As the wort boiled we added a thick goop that resembled — in both consistence and taste — maple syrup. Then came three rounds of hops, the first was to bitter the beer, 40 minutes later we added another dash to add flavor and a third to add aroma. Hops in this form look like the pellet food I used to feed to my guinea pig, Violet, circa 1989.  They dissolve in the wort and leave behind this greenish sludgy substance that stick to the sides of the pot. Once the hops are in we had to bring the temperature of the wort down.  That’s where the copper contraption came in. We moved our brewing operations to the laundry room (which had a more accessible plumbing) so we could pump cold water though the copper chiller. The chiller is similar to the medical device used to induce therapeutic hypothermia (I saw that on an episode of “Grey’s Anatomy”) circulating cold water through the wort so we could bring its temperature down to under 70 degrees.

We then strained the wort to remove all the sludge the hops left behind, poured into a glass jug, and added the yeast. I was thinking we were saving the best for last, but the addition of the yeast turned out to be somewhat anticlimactic. We just poured it in and put a stopper in the top and left it alone. Technically it was then beer, but it will take two weeks to ferment before we can bottle it.

Straining the hoppy sludge from the wort

If this sound to you like a lot of steps and a lot of time you would be correct. It seems to me that you have to really like the person you are brewing with because there is a lot of down time and chit-chat involved. With the wrong person that could be painful…even more painful than the pace of the brewing. I am more of a get up and go gal, so sitting around waiting for a pot to boil took a lot of patience, not to mention a lot of my Sunday afternoon.  At moments I was pretty antsy. I think as a society, and certainly me personally, we are used to a fast-pace, and certainly more interested in instant gratification than the alternative. Many of my previous adventures have been this way. I swung on the trapeze and then fell on my ass, but at least I knew I was a terrible trapeze artist in that moment.  Brewing beer is like the SATs, you do all this tedious work, and then you wait, and wait, and wait to see if it was a success or if you have to go through the torturous process again.

One important rule I learned was that when brewing beer you have to sterilize everything. This is because you are dealing with live bacteria. I never really thought of beer in this way before. If there is more bacteria than there should be in the wort than that bacteria will eat more of the sugar (in the syrup we added) and grow and grow. For some reason this reminded me of “Attack of the Killer Tomatoes” and I became wary of trying my own beer. But I will…in a few short weeks! I am planning on bottling it and serving it at a re-launch party for this blog. I have purchased a new web address, one that is not quite as long and complicated as this one, and I am in the process of making it pretty for all of you.  Stay Tuned and get ready to drink up!

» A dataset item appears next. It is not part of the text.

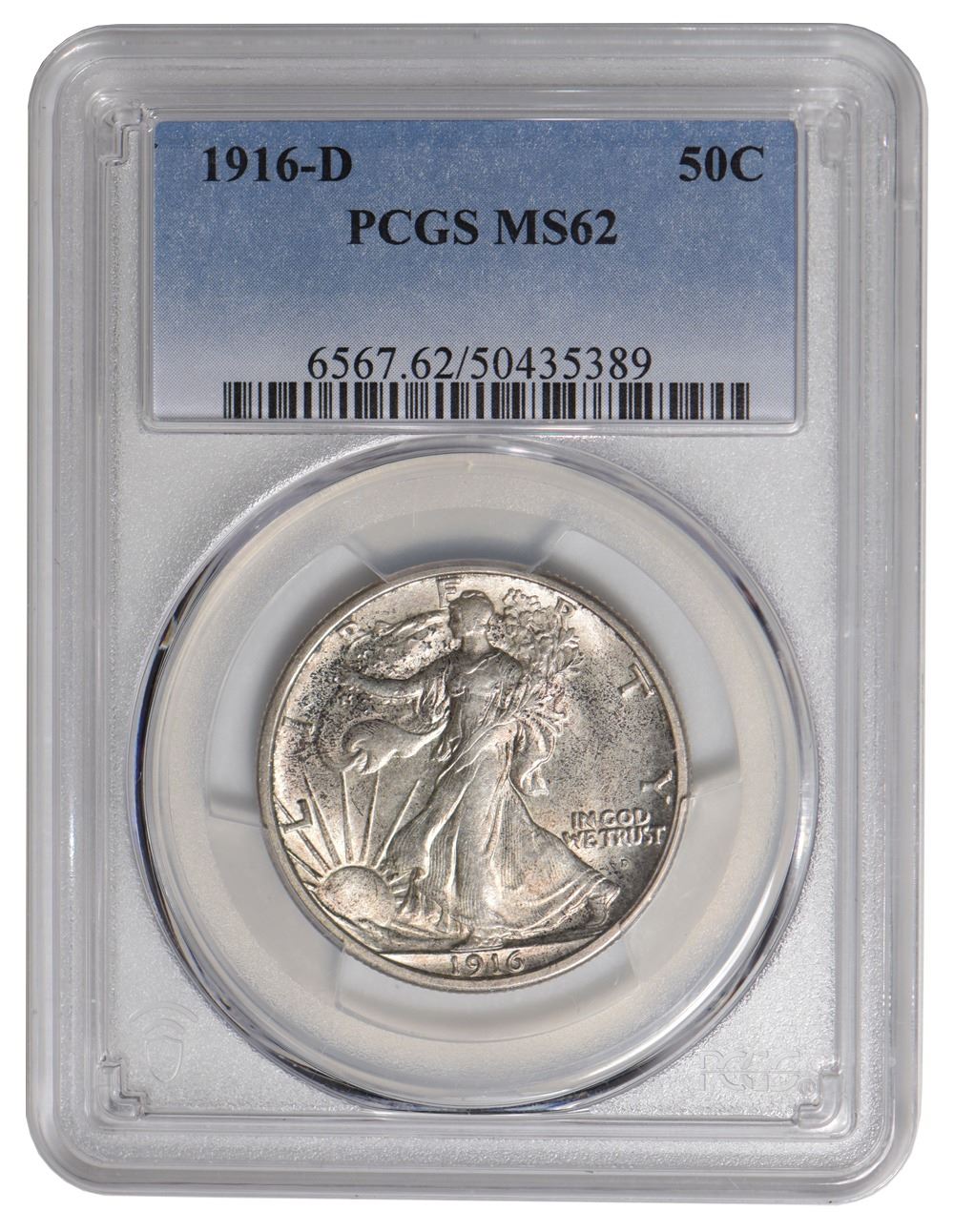 One 1916-D Walking Liberty Half Dollar PCGS MS62.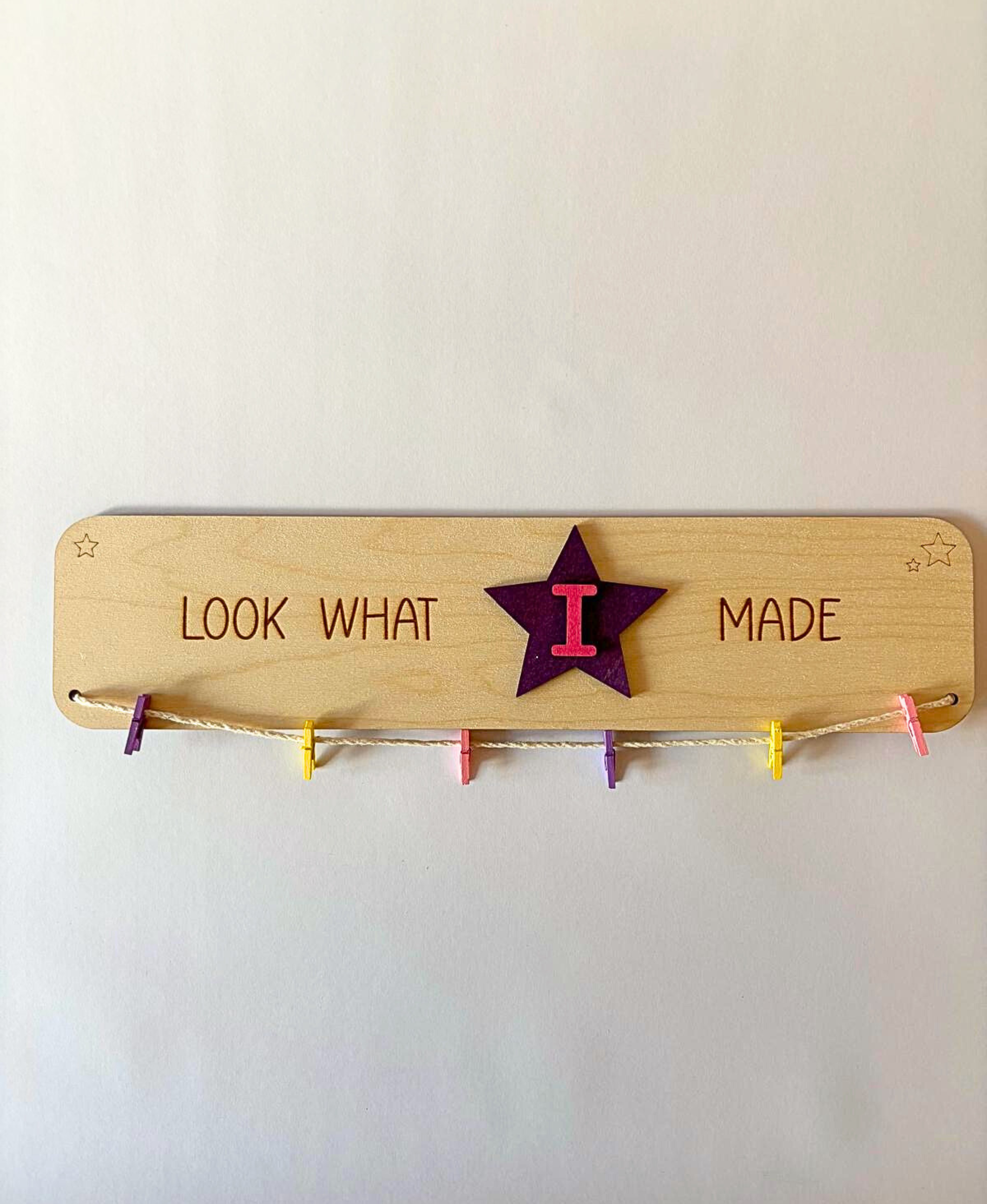 Celebrate creativity with our Look What I Made sign — the sweetest way for little artists to proudly hang their masterpieces.

And it is beer! It will ferment for two weeks before we bottle it

2 thoughts on “Brewmaster Part I

  1. Great job! I have 3 all grain batches under my belt now. I absolutely love craft beer! Hey, make sure you let it bottle condition once you have it bottled! You will have to prime it with corn sugar, and it will take a week to carbonate, but you must wait even longer! It will still have off flavors from the yeasties pissing alcohol and farting carbonation…Well, that’s not technically what produces the off flavors, but I just wanted to use that analogy. In the meantime, may I recommend you some craft brews while you wait for your craft brew?

    Brown Ale:
    Sweet Josie
    Sierra Nevada Tumbler

    IPA
    Sierra Nevada Hoptimum
    Dog Fish 60/75/90 minute(any one of those are great)
    Hop Devil
    Loose Cannon

    Porter
    Anchor’s Porter
    Highlands Oatmeal porter (or Coffee porter)

    Imperial Stout
    Great Divide Yeti
    Old Rasputin

    Oh, and drink anything by Stone Brewery! Woo! They’re good.